Ma potrebbe accadere? Il problema di fondo è capire che obiettivi si vogliono conseguire. I Paesi del nord Europa avevano scelto di garantire dei diritti ai bambini, agli anziani e ai soggetti curati, e offrire pari opportunità alle donne, non solo nella famiglia ma anche sul mercato del lavoro. E quindi hanno operato di conseguenza. In Italia quando parliamo di conciliazione mi sembra non sia ben chiaro con quali finalità vogliamo operare. Per esempio, se il problema è trovare una parità di genere, le politiche italiane non la garantiscono assolutamente.

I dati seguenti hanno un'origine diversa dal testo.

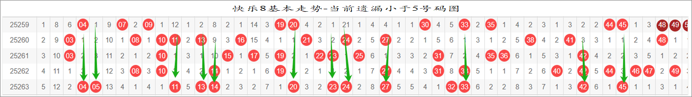 所以这个条件值得关注,从号码分布图上我们可以分析出,遗漏小于5期的号码有: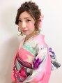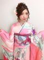 全体波ウェーブでふんわりさせつつ、トップは高さを出して和装っぽい雰囲気に仕上げました。ボブの長さを活かして後れ毛は多めに残しています。格好良さと可愛さの両方を兼ねたスタイルです^^

In che senso? «C’è stata la riforma per i giorni di congedo parentale concessi al padre: in gran parte dei Paesi europei c’è una quota di congedo parentale riservata per diritto al papà, talvolta è anche un obbligo che stia a casa. Per garantire uguali possibilità anche alle donne. In Italia invece il padre può beneficiare di due giorni. È una scelta chiara: il carico spetta alle donne. Da noi l’obiettivo era quello di attribuire un ruolo alla famiglia, ma questo doveva essere a carico dello Stato, che però si è ritratto progressivamente e le famiglie si sono organizzate da sé. Senza un obiettivo chiaro mancano politiche chiare».

Esistono differenze territoriali e di tipologia d’azienda nel nostro Paese per quanto riguarda la conciliazione? «Se si parla di tempo, la flessibilità oraria è diffusa in aziende e territori di un certo tipo. Per esempio nei settori della finanza, in parte nella manifattura. Sicuramente nelle aree del centro-nord e sicuramente nella pubblica amministrazione. Non c’è una diffusione uniforme sul territorio. Molto dipende dal profilo della forza lavoro: il lavoro manuale impiegato nei servizi ha poca flessibilità, il lavoro specializzato nelle industrie del terziario avanzato al contrario ne ha. Questo vale per tutti gli strumenti di conciliazione, che siano indennità o trasferimenti monetari, servizi, flessibilità oraria o attività di formazione o comunicazione. C’è una disparità evidente tra Nord e Sud, uomini e donne, lavoro qualificato e non, settori chiave e quelli marginali».

Le aziende possono intervenire direttamente per favorire la conciliazione o è compito solo delle politiche? «Le aziende dovrebbero essere interessate non tanto a lasciare a casa i lavoratori ad occuparsi della famiglia ma a metterli nelle migliori condizioni di svolgere il proprio ruolo. Mi stupirei del contrario. Le imprese che vedono nella inconciliabilità tra famiglia e lavoro un ostacolo alla produttività del lavoratore intervengono in qualche modo, ma mai daranno un congedo lungo e generoso per stare a casa. Sarebbe contro il loro interesse. Sono davvero poche quelle che usano la conciliazione come una leva strategica per generare profitto, motivazione, appartenenza, produttività. Da noi sono le famiglie che cercano di mettere insieme i pezzi. L’azienda dovrebbe avere interesse in altre questioni; se vede che la difficile conciliazione diventa un ostacolo interviene, ma non lo fa di default perché non lo ritiene compito suo».